As explained in the following Reddit thread, transposing the above will not be of any use since h is a one-dimensional array.

An alternative is to calculate a 2D array and then print it directly:

>>> result = 1-h[:, np.newaxis] ** np.arange(1,100)
>>> result
array([[0.01, 0.0199, 0.029701, ..., 0.62653572, 0.63027036], [0.02, 0.0396, 0.058808, ..., 0.86191217, 0.86467392], [0.03, 0.0591, 0.087327, ..., 0.94946061, 0.9509768], ..., [0.97, 0.9991, 0.999973, ..., 1., 1., 1.], [0.98, 0.9996, 0.999992, ..., 1., 1., 1.], [0.99, 0.9999, 0.999999, ..., 1., 1.,1.]])
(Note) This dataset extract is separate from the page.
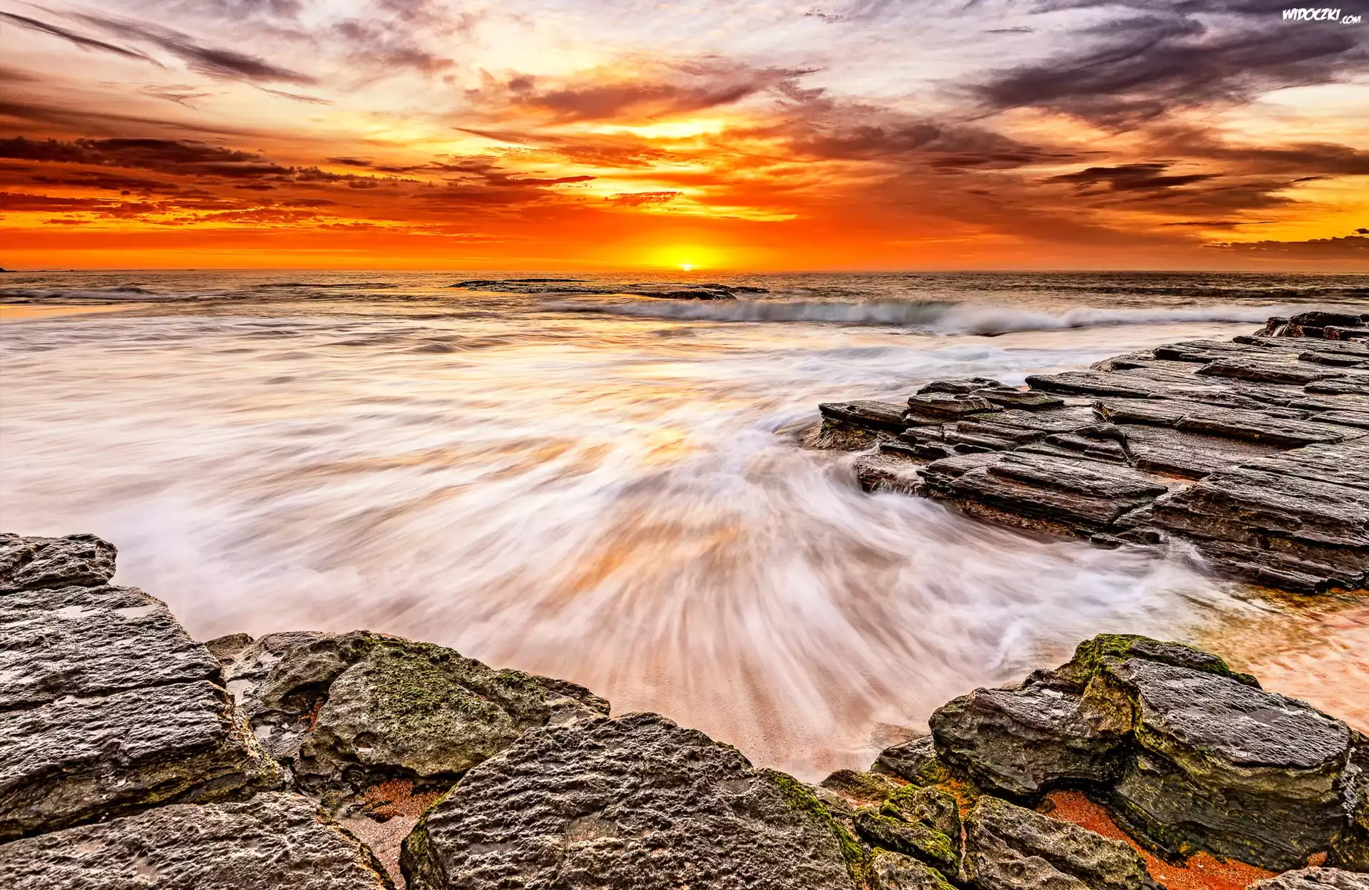 Zdjęcia, Zachód, Słońca, Morze, Skały

As can be seen from the above, the cumulative binomial probabilities from 0.01 right up to 0.99 is calculated.

Using for loops in this manner has allowed us to iterate from 0.01 to 0.99 automatically — attempting to do this manually would have been far too cumbersome and error-prone.

Conclusion

In this example, you have seen how to:

  • Calculative cumulative binomial probabilities in Python
  • Use for loops to iterate across a large range of values
  • Employ list comprehensions to work with a range of float values
  • Devise 2D arrays when unable to transpose values contained in a 1D array

Many thanks for your time, and any questions or feedback are greatly appreciated.

Disclaimer: This article is written on an “as is” basis and without warranty. It was written with the intention of providing an overview of data science concepts, and should not be interpreted as professional advice. The findings and interpretations in this article are those of the author and are not endorsed by or affiliated with any third-party mentioned in this article.